━━━ Data section

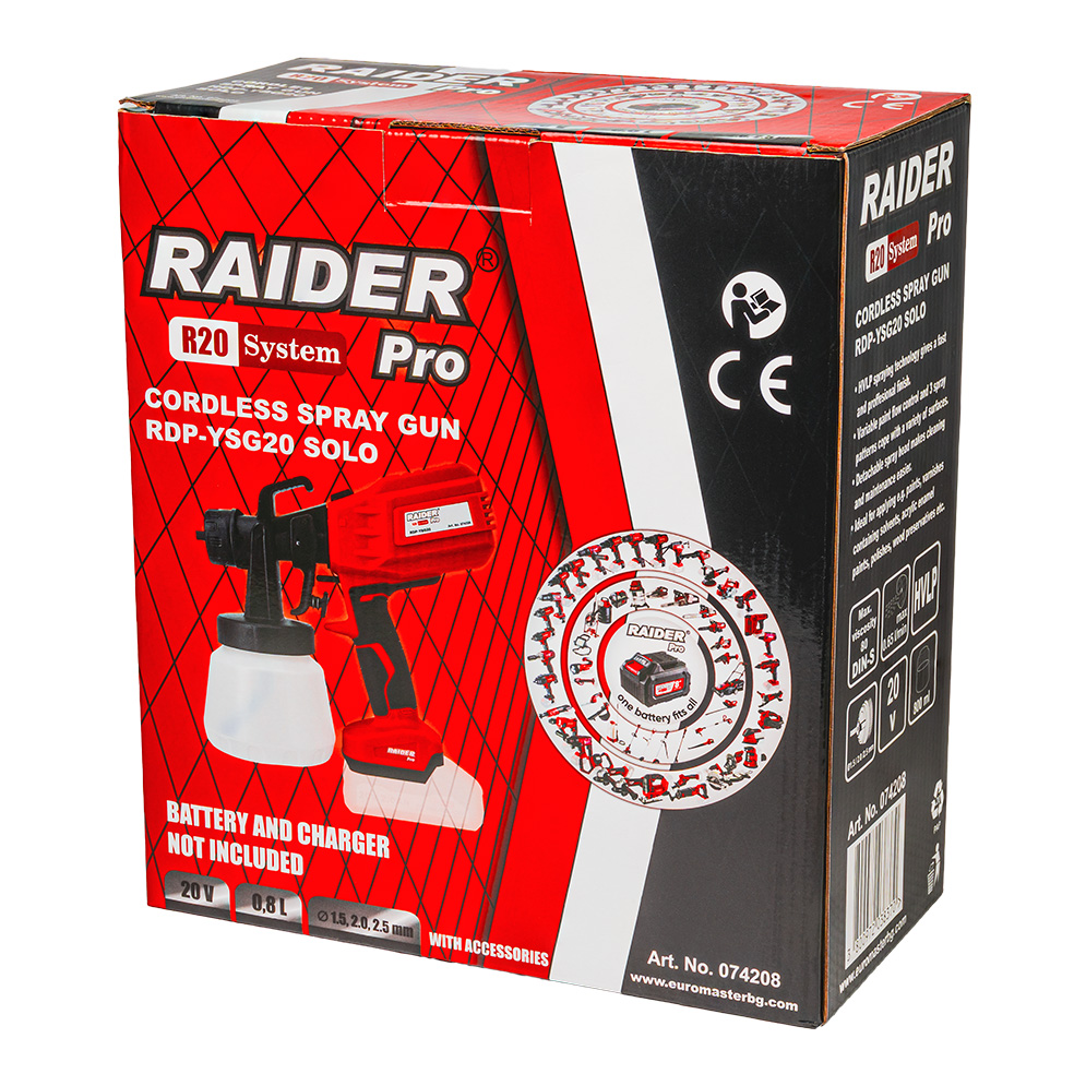 Акумулаторният пистолет за боядисване RDP-YSG20 от серията Raider Pro R20 е практично решение за нанасяне на бои, лакове и други течни покрития върху различни повърхности – дърво, метал, пластмаса и други.
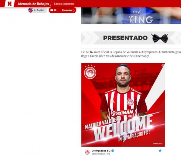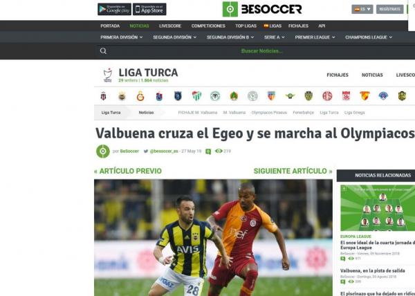 Besoccer.com: «Ο Βαλμπουενά διασχίζει το Αιγαίο και παίρνει μεταγραφή στον Ολυμπιακό»
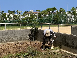 石嶺中環境ボランティアの上江洲さんが、日曜日にステップ1組の花園の整備を行って下さいました。まだまだ暑い日差しが照り付ける中、台風で荒れていた花園を丁寧に整えてくださいました。この後生徒と一緒にきれいなお花の苗を植える予定とのこと。とても楽しみです。

━━━━━━

● Problem description
Set down the data again, exactly, without images.

● Response for this exercise
 Акумулаторният пистолет за боядисване RDP-YSG20 от серията Raider Pro R20 е практично решение за нанасяне на бои, лакове и други течни покрития върху различни повърхности – дърво, метал, пластмаса и други.
 Besoccer.com: «Ο Βαλμπουενά διασχίζει το Αιγαίο και παίρνει μεταγραφή στον Ολυμπιακό»
 石嶺中環境ボランティアの上江洲さんが、日曜日にステップ1組の花園の整備を行って下さいました。まだまだ暑い日差しが照り付ける中、台風で荒れていた花園を丁寧に整えてくださいました。この後生徒と一緒にきれいなお花の苗を植える予定とのこと。とても楽しみです。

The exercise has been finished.